--- Dataset extract ---
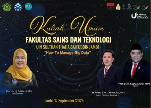 Kota Jambi, 17 September 2025 – Fakultas Sains dan Teknologi Universitas Islam Negeri Sulthan Thaha Saifuddin (UIN STS) Jambi kembali menggelar kegiatan kuliah umum yang inspiratif dan penuh wawasan. Bertajuk “How to Manage Big Data”, kegiatan ini diselenggarakan pada Jum’at, 17 September 2025, dengan menghadirkan narasumber Prof. Dr. Hj. Sri Harini, M.Si. dari UIN Maulana Malik Ibrahim Malang.
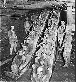 Miners preparing to descend into the nearby abyss.
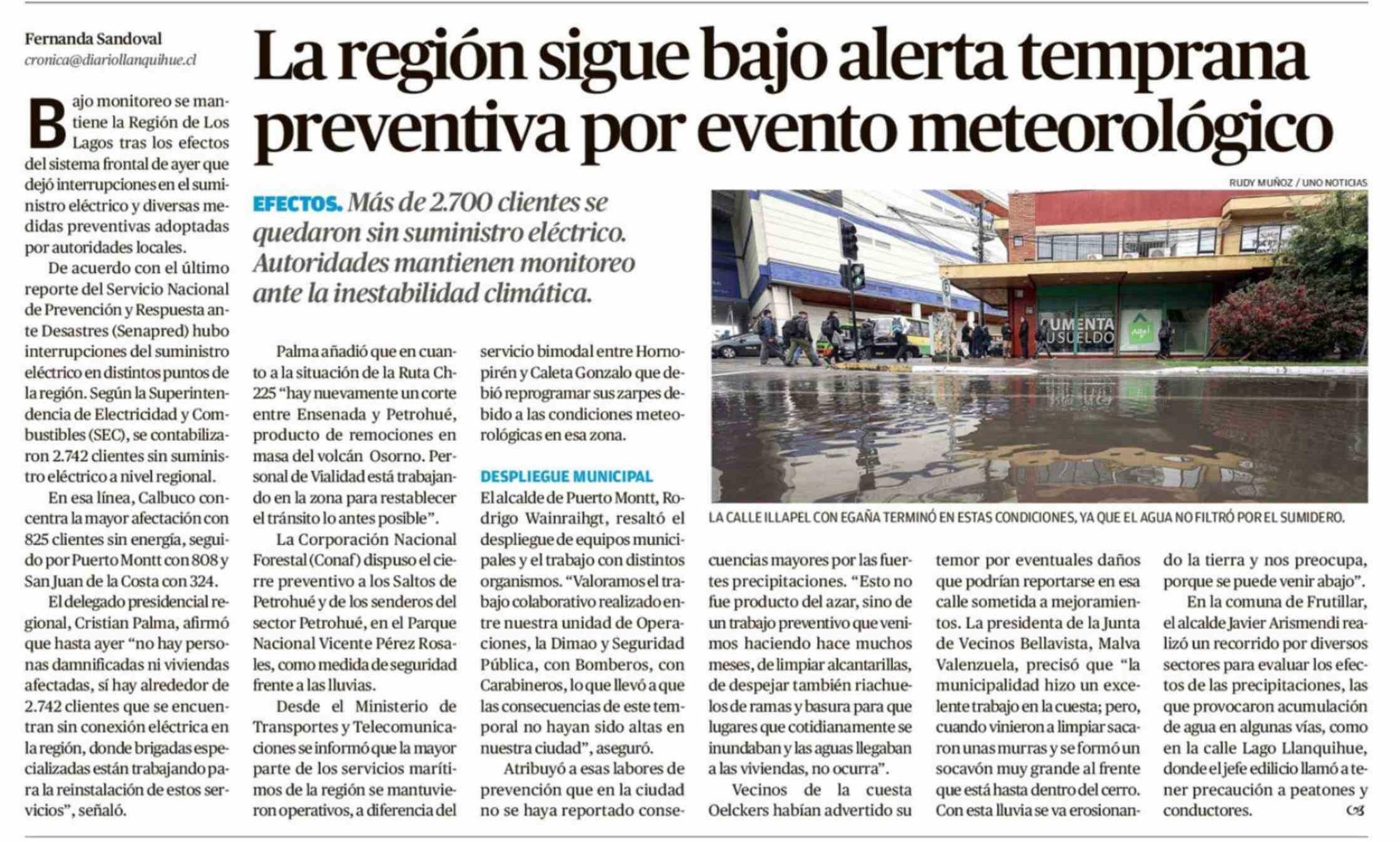 La región sigue bajo alerta temprana preventiva por evento meteorológico
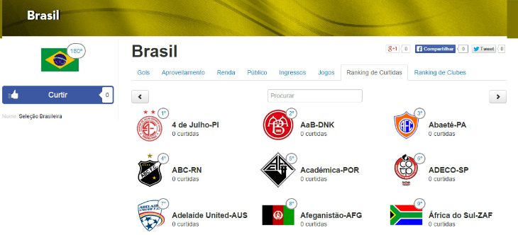A outra aba na página de clubes é o "ranking de curtidas". Agora, o torcedor internauta poderá curtir seu clube do coração e o Sr. Goool ainda transformou esta interação em ranking. Cada torcedor internauta só poderá dar uma curtida no clube do coração. Assim teremos dados mais limpos e reais. O sistema de busca também ajudará você a encontrar seu clube ou o rival.

--- What you are asked to do ---
Please give all of the data again, exact and free of pictures.

--- Exercise solution ---
 Kota Jambi, 17 September 2025 – Fakultas Sains dan Teknologi Universitas Islam Negeri Sulthan Thaha Saifuddin (UIN STS) Jambi kembali menggelar kegiatan kuliah umum yang inspiratif dan penuh wawasan. Bertajuk “How to Manage Big Data”, kegiatan ini diselenggarakan pada Jum’at, 17 September 2025, dengan menghadirkan narasumber Prof. Dr. Hj. Sri Harini, M.Si. dari UIN Maulana Malik Ibrahim Malang.
 Miners preparing to descend into the nearby abyss.
 La región sigue bajo alerta temprana preventiva por evento meteorológico
A outra aba na página de clubes é o "ranking de curtidas". Agora, o torcedor internauta poderá curtir seu clube do coração e o Sr. Goool ainda transformou esta interação em ranking. Cada torcedor internauta só poderá dar uma curtida no clube do coração. Assim teremos dados mais limpos e reais. O sistema de busca também ajudará você a encontrar seu clube ou o rival.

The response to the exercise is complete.